Though I doubt my solution to this would please many mefites much more than the memo's: I think we should try people like this in absentia for forfeiture of their citizenship for joining a foreign & hostile force. Then, bombs away. I do not weep for Anwar Al-Awlaki's loss (his son's killing was by for more questionable in my view--a trial in absentia would definitely have helped there). I weep for the loss of our rights and our principles.
posted by snuffleupagus at 5:40 AM on February 5, 2013 [5 favorites]


"The fun part here is that the US is at war with a squishy nebulous entity where it isn't even clear that the opposing forces have any real capacity to end hostilities apart from being killed."

Are you asserting that surrender, negotiated or otherwise, to the rule of law, either in the form of American or foreign authorities, is somehow not possible here?
posted by Blasdelb at 5:54 AM on February 5, 2013


If Anwar al-Aulaqi's assassination can be taken at face value as being somewhat justified, what about his 16-year-old son's?

It's already pretty despicable that the only citizens Americans care about are their own. This isn't some random line drawn in the sand; there are reported hundreds of innocent civilians dead by direct executive order. That's the argument we miss when we focus only on American citizens. And then that's only deaths. Most Afghani children 10 and under suffer from symptoms of PTSD as a combined result of living through war and having to fill the breadwinner role. Living Under Drones reports that the drones in Pakistan are a constant psychological and mortal threat and that the CIA has a strategy of 'double-tapping' a strike zone, killing first-responders and would-be rescuers. In October a drone strike in Pakistan injured a group of children who were out gathering firewood with their grandmother, who was killed by the strike. The children were "were left critically burned and with shrapnel injuries in an apparent ‘double-tap’ strike by CIA drones". According to White House policy, if the 18-year-old in the group who was injured in the strike dies, he is retroactively considered a militant and the legal pressure is on the family to not have him classified as such on CIA hard-drives.

Oh if they had only known better to have surrendered themselves to a foreign entity!
posted by dubusadus at 5:55 AM on February 5, 2013 [4 favorites]


It's already pretty despicable that the only citizens Americans care about are their own. This isn't some random line drawn in the sand; there are reported hundreds of innocent civilians dead by direct executive order. That's the argument we miss when we focus only on American citizens. And then that's only deaths....

That's a different discussion. I'm pretty sure Malor would agree with you, for instance, but he posted this thread so we could discuss the legal whitepaper that NBC has released; which is precisely about the Constitutional limits on the Government's ability to target Americans abroad it believes are hostile.
posted by snuffleupagus at 6:01 AM on February 5, 2013


I'd like to think this is specific to international situations and a real threat of terrorism but just last week I watched a video of a homeless Chicago man being slowly strangled to death by a group of men after shoplifting some toothpaste.
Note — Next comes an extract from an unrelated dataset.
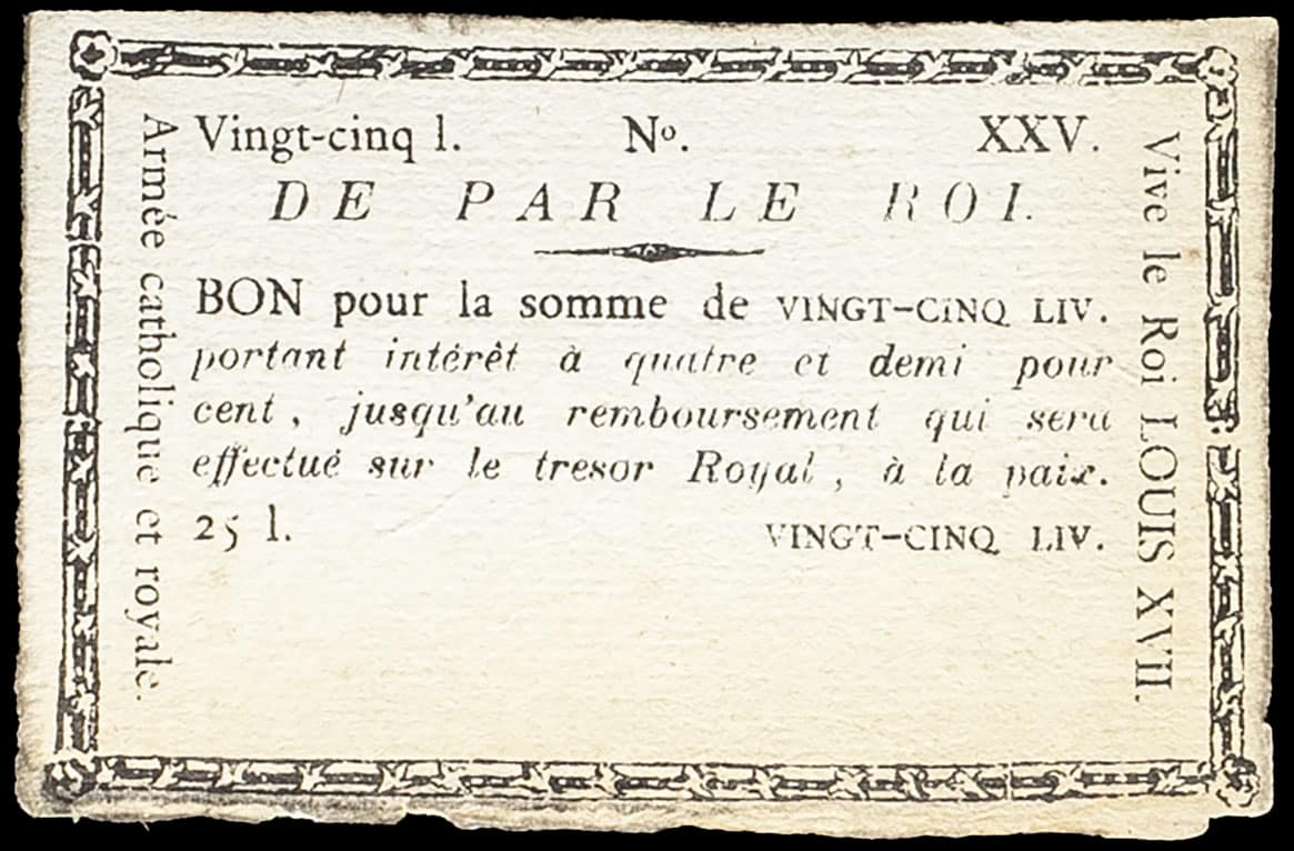 - Bon de 25 livres type “Armée Catholique et Royale”, faux d’époque ND (1793).

So a lynching caught on video. No charges at all.

Things are broken in America.
posted by srboisvert at 6:28 AM on February 5, 2013 [1 favorite]
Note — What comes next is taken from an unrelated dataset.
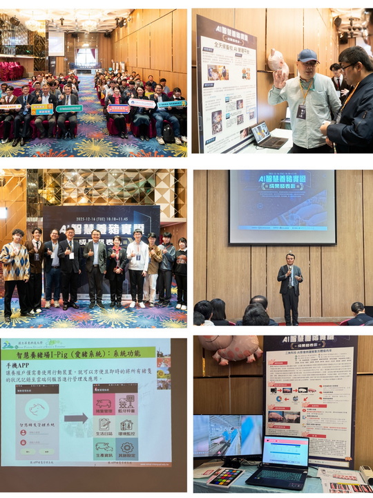 本次活動以「技術實證、場域落地、產業擴散」為核心,除發表「全天候畜牧AI管理平台」於場域實證成果,亦邀請學研團隊分享AI技術於養豬產業的應用經驗。屏科大吳庭育老師與宜蘭大學李秀評老師團隊,展示AI影像技術顛覆傳統「人看豬估價」模式,讓豬隻自然行走即可完成無接觸、無碰觸屠體的瘦肉率預測;屏科大龔旭陽與潘建良老師團隊則從場域管理出發,建置智慧豬隻飼養資訊平台,整合環境監測與飼養管理流程,補足AI技術落地後的營運與決策需求,展現智慧養豬從單點技術到整體應用的產業成熟度。

The scandal Reform Party was a major factor in shortening the political career of Prime Minister Kim Campbell.
posted by one more dead town's last parade at 6:30 AM on February 5, 2013


Are you asserting that surrender, negotiated or otherwise, to the rule of law, either in the form of American or foreign authorities, is somehow not possible here?
posted by Blasdelb at 1:54 PM on February 5 [+] [!]


Not the original commenter. But how does "terrorism" surrender? Seeing as it is a tactic and not an organised force with recognised leaders who can speak on its behalf.

You could say that Al Qaida could surrender via whoever is recognised as their leader at the time but seeing as the "war on terror" now covers associated forces and those inspired by Al Qaida how could anyone ever be satisfied that all possible terrorists have given up?
posted by Reggie Knoble at 6:44 AM on February 5, 2013 [1 favorite]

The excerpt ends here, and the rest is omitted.